If the parties are unable to resolve the franchise dispute through negotiation, the parties may use the dispute resolution process set out in the Franchising Code, which involves mediation and conciliation.
In situations where issues cannot be resolved informally, arbitration or litigation may be necessary to protect your rights.
At Haarsma Lawyers, we guide franchisees through each of these options, providing specialist advice and practical strategies.
The Franchising Code provides that a party to a franchise agreement (the complainant) who has a dispute with another party to the franchise agreement (the respondent) may either take action under the dispute resolution procedure set out in the franchise agreement, or may take action in accordance with the dispute resolution procedure set out in the Franchising Code.
Under the franchise dispute resolution procedures set out in Part 5 of the Franchising Code, the complainant must tell the respondent in writing:
(a) the nature of the dispute;
(b) what outcome the complainant wants; and
(c) what action the complainant thinks will resolve the dispute.
The parties should then try to agree how to resolve the franchise dispute, but if they cannot agree within 3 weeks either party may refer the franchise dispute to mediation or conciliation.
Mediation involves parties negotiating a solution to their conflict, with the help of an impartial mediator. The mediator does not take sides or make decisions, but instead facilitates the discussion. [Franchise Mediation Process]
Conciliation is similar to mediation, but with a more active role for the impartial conciliator. The conciliator may offer advice and recommendations in the dispute topic, but they still do not make decisions for the parties.
When multiple parties are involved, they may opt for multiple party dispute resolution, where they can try mediation or conciliation together.
In addition to mediation or conciliation, if the parties agree to do so, the franchise dispute can be referred to arbitration under the Franchising Code. Arbitration is a more formal process where an independent arbitrator hears both sides of the dispute and makes a decision on how to resolve it. The decision of the arbitrator is final.

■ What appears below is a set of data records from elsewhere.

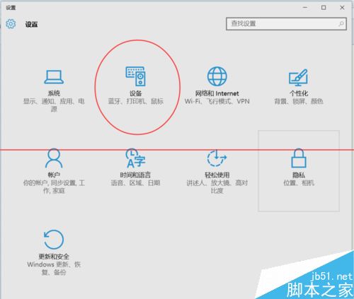 3、在【设置】界面下,点击选择【设备】选项。(如图所示)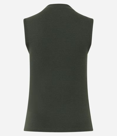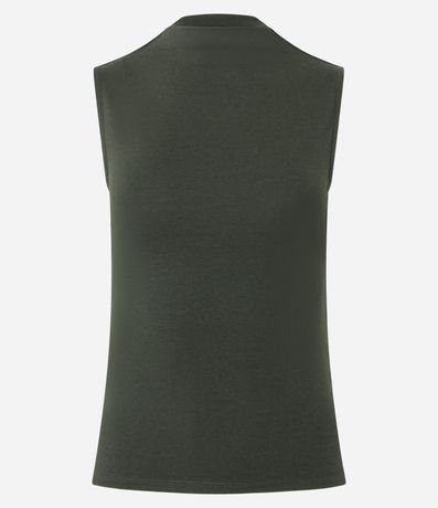 Blusa básica feminina confeccionada em algodão mais sustentável, no modelo regata. Possui gola alta, sem mangas e sem estampa.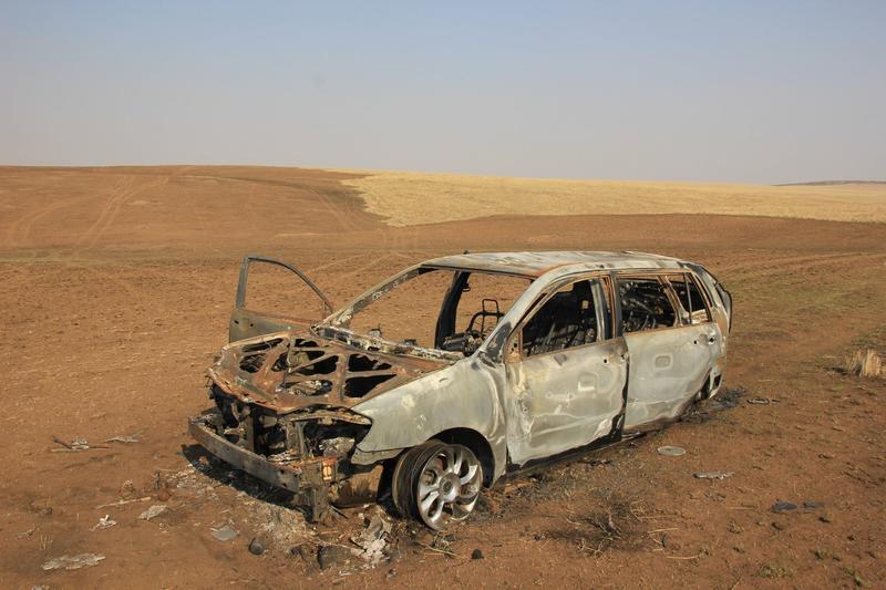 Auto abgebrannt, auch ich fuhr dann schnell raus als der wind zu drehen begann bei den Löscharbeiten. Hier brannte zuerst das Auto (schon Tage vorher), dann begann die Steppe zu brennen.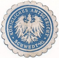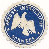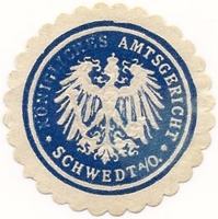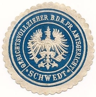 ![]() Königl. Amtsgericht Farbe: hellblau Größe: Ø 33 mm Anm.: 1889 - 1918 |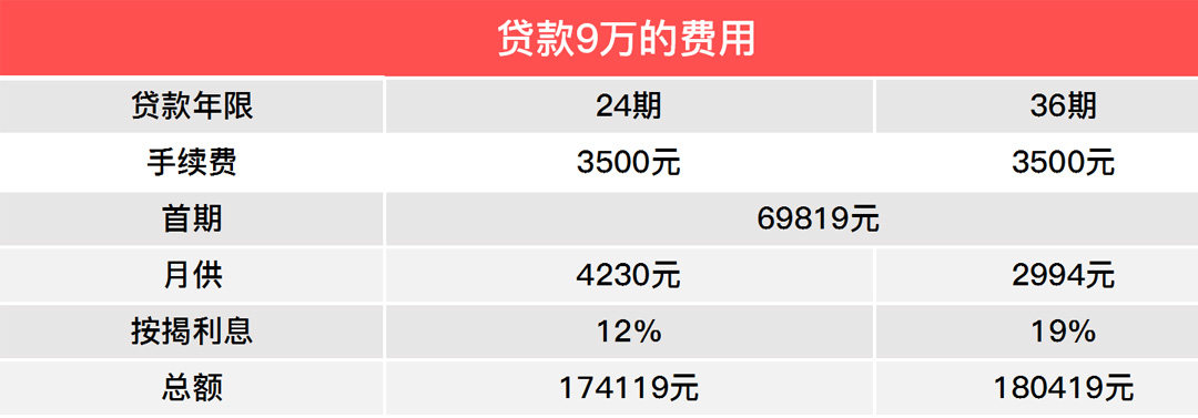4S店给出的贷款政策优惠的确非常吸引,特别是后面“免息”二字。如果以6万进行计算,那么首付需要7.68万,对于很多消费者来说还想获得更低的首付,此时销售告知我们,能贷款到9万。
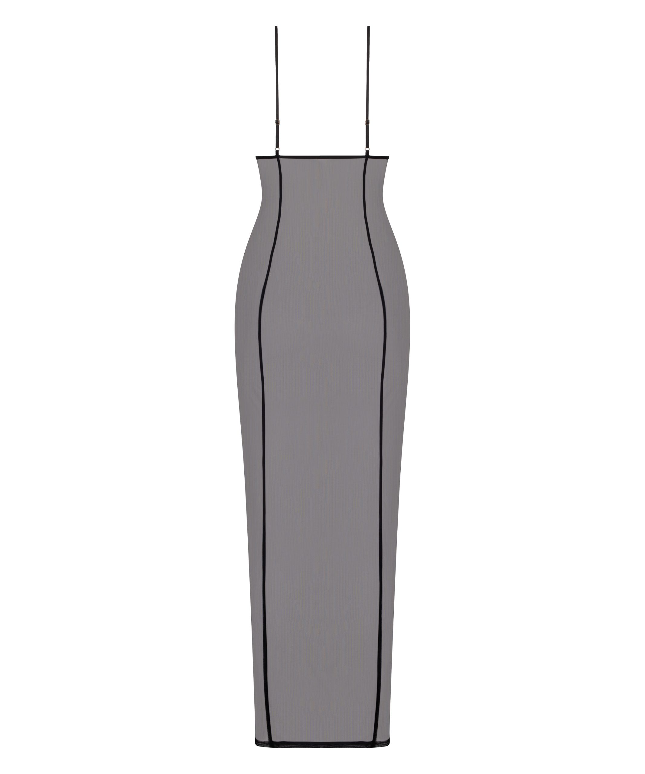 This slip dress is incredible! This dress is crafted entirely from mesh, creating a sheer, captivating look that highlights your unique style. Designed for those who appreciate daring fashion, this maxi dress combines sensuality and sophistication, showcasing a striking balance of texture and transparency.

Voluntary arbitration is only available as an option if both parties have agreed in writing to use this method of resolution.
While the litigation of franchise disputes is a complex process that can involve both significant financial costs and business risks, sometimes litigation is unavoidable.
Litigation usually starts with the filing of a complaint or summons, and may involve court hearings, discovery requests and expert evidence.
Depending on the complexity of the dispute, litigation can take anywhere from one year to many years to resolve.
The conduct of any franchise litigation should take into account the specific interests of each client and any short-term and long-term implications of litigation, while protecting the client's interests throughout the process.
Even if dispute resolution has not been successful before the litigation process has started, the parties may still resolve a matter through other methods once the litigation process has started and the parties are better able to assess their business and financial risks.
Franchising is a specialist area, so when a franchise dispute arises, a specialist franchise lawyer will generally understand how the Franchising Code, the Australian Consumer Law and your Franchise Agreement are relevant to the dispute.
In addition, a commercially focused franchise lawyer, will understand the day to day practicalities of the franchise industry.
At Haarsma Lawyers, franchising is not just part of what we do, it is what we do.
Our team of skilled and experienced franchise dispute lawyers can provide comprehensive assistance in every step of the dispute resolution process.
Haarsma Lawyers also represents franchisors in resolving disputes with their franchisees. We provide specialist advice on breach notices, enforcement of system standards, compliance with the Franchising Code and protecting your franchise network.